*THE PROBLEM*
Exactly as they appear below, repeat the lines from the one with "3月27日下午15时,bea" through the one with "[P27] Christiansborg, văzut", and no others.

*DATA*

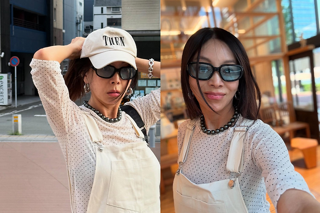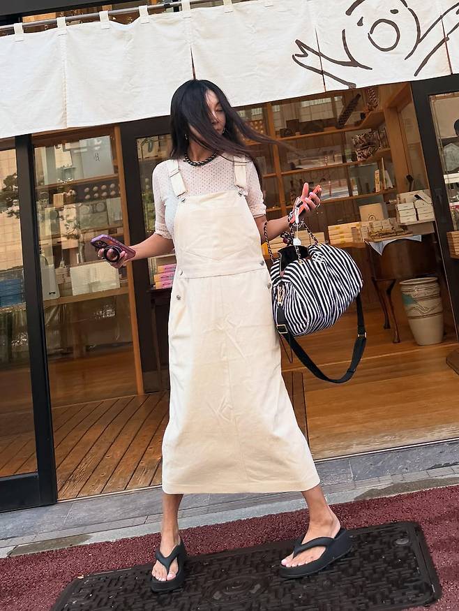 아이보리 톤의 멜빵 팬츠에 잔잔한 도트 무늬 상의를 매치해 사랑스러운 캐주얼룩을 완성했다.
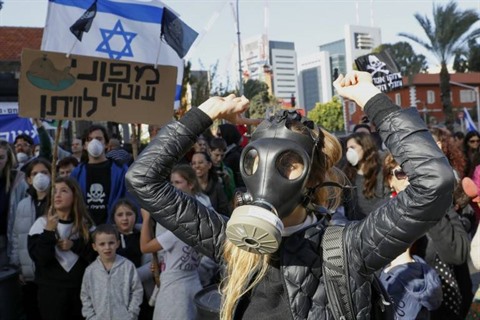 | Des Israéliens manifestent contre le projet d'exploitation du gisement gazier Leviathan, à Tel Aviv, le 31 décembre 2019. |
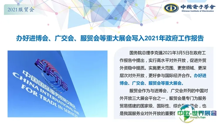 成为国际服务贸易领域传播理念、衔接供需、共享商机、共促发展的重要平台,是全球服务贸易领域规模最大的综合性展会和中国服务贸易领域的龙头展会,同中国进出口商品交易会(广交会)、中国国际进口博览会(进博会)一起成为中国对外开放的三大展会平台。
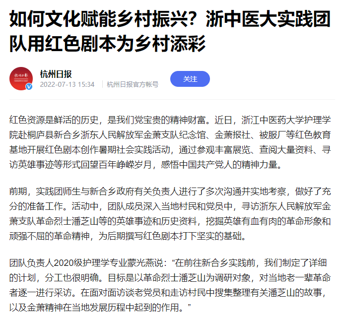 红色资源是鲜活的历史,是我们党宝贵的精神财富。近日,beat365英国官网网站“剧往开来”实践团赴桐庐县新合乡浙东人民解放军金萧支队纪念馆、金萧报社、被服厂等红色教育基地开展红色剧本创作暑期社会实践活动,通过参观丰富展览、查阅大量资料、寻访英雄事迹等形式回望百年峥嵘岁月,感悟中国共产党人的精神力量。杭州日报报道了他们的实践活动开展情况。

==

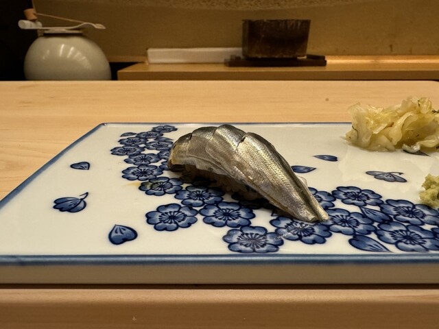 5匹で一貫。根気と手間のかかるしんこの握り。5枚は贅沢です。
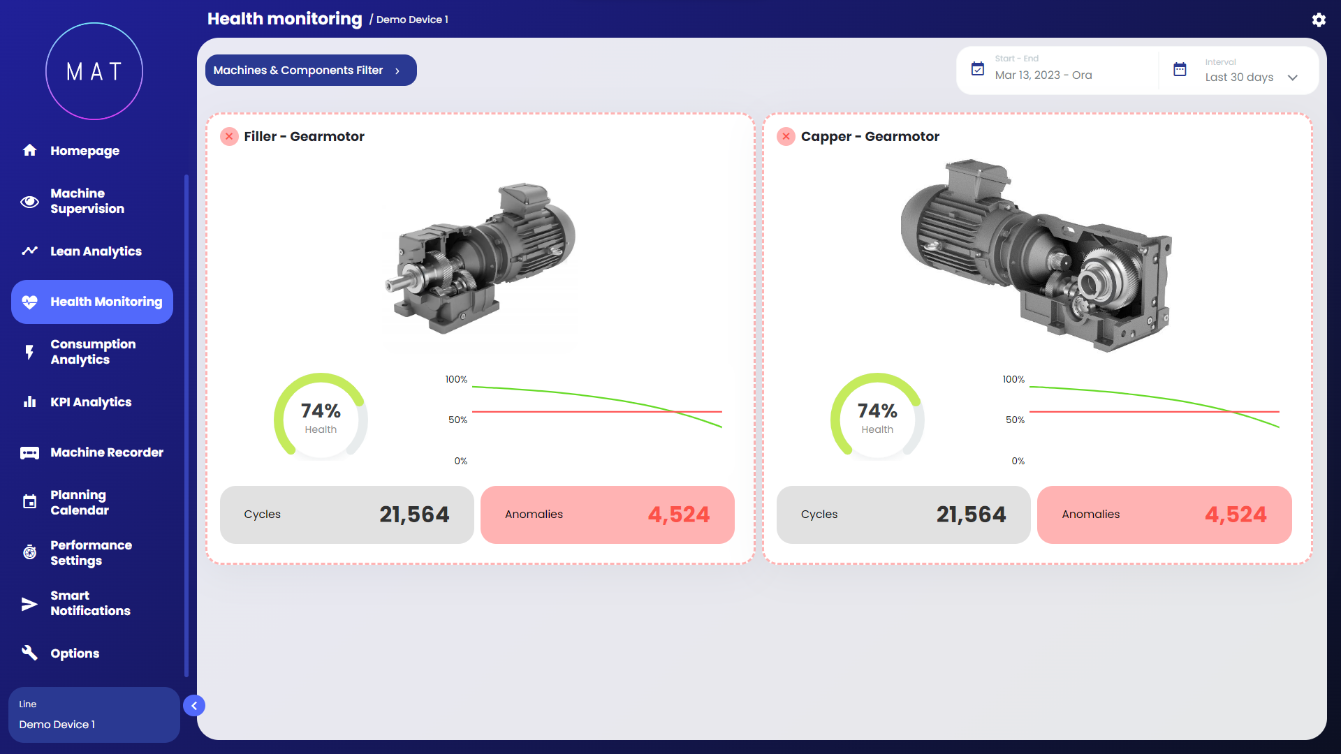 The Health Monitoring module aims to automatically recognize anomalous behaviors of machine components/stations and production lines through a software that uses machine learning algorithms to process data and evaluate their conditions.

==

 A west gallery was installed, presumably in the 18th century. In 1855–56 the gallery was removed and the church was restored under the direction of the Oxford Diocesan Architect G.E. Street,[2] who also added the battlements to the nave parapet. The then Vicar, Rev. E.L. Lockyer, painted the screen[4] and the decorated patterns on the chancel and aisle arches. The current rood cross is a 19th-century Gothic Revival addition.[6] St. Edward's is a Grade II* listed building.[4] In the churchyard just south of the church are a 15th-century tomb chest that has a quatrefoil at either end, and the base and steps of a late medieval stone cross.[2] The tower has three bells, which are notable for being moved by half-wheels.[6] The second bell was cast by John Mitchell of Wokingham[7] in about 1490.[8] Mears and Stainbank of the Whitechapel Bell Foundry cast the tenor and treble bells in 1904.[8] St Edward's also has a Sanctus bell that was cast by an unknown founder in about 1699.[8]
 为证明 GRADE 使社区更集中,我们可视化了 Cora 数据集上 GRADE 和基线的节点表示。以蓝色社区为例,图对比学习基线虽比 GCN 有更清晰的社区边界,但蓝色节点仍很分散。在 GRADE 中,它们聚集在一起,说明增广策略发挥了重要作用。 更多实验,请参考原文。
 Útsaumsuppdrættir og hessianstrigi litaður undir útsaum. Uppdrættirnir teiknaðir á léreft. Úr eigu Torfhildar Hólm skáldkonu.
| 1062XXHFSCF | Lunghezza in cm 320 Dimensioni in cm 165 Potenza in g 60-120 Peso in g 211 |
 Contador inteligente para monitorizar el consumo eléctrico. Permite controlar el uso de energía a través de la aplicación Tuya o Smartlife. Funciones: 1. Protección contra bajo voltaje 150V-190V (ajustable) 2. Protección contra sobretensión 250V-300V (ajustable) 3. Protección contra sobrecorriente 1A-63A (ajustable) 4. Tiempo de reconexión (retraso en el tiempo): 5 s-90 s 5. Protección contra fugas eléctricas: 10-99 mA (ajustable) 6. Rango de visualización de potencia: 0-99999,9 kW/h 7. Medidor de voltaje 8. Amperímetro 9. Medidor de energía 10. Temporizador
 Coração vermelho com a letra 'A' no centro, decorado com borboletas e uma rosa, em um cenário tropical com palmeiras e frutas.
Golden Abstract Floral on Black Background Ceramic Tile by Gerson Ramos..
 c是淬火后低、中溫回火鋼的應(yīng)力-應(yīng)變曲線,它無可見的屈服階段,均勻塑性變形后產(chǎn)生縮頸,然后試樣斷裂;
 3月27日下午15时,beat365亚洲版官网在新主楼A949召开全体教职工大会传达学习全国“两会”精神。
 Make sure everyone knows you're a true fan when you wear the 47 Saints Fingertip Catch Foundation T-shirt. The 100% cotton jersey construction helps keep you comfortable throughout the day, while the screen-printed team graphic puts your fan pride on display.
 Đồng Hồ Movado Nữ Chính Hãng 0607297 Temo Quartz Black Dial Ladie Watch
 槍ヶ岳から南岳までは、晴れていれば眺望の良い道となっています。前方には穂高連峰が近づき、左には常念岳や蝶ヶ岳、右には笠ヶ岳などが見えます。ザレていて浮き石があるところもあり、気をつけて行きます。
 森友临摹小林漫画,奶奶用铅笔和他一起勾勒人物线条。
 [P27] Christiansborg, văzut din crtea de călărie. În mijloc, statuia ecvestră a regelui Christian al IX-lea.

*OUTPUT OF THE EXERCISE*
 3月27日下午15时,beat365亚洲版官网在新主楼A949召开全体教职工大会传达学习全国“两会”精神。
 Make sure everyone knows you're a true fan when you wear the 47 Saints Fingertip Catch Foundation T-shirt. The 100% cotton jersey construction helps keep you comfortable throughout the day, while the screen-printed team graphic puts your fan pride on display.
 Đồng Hồ Movado Nữ Chính Hãng 0607297 Temo Quartz Black Dial Ladie Watch
 槍ヶ岳から南岳までは、晴れていれば眺望の良い道となっています。前方には穂高連峰が近づき、左には常念岳や蝶ヶ岳、右には笠ヶ岳などが見えます。ザレていて浮き石があるところもあり、気をつけて行きます。
 森友临摹小林漫画,奶奶用铅笔和他一起勾勒人物线条。
 [P27] Christiansborg, văzut din crtea de călărie. În mijloc, statuia ecvestră a regelui Christian al IX-lea.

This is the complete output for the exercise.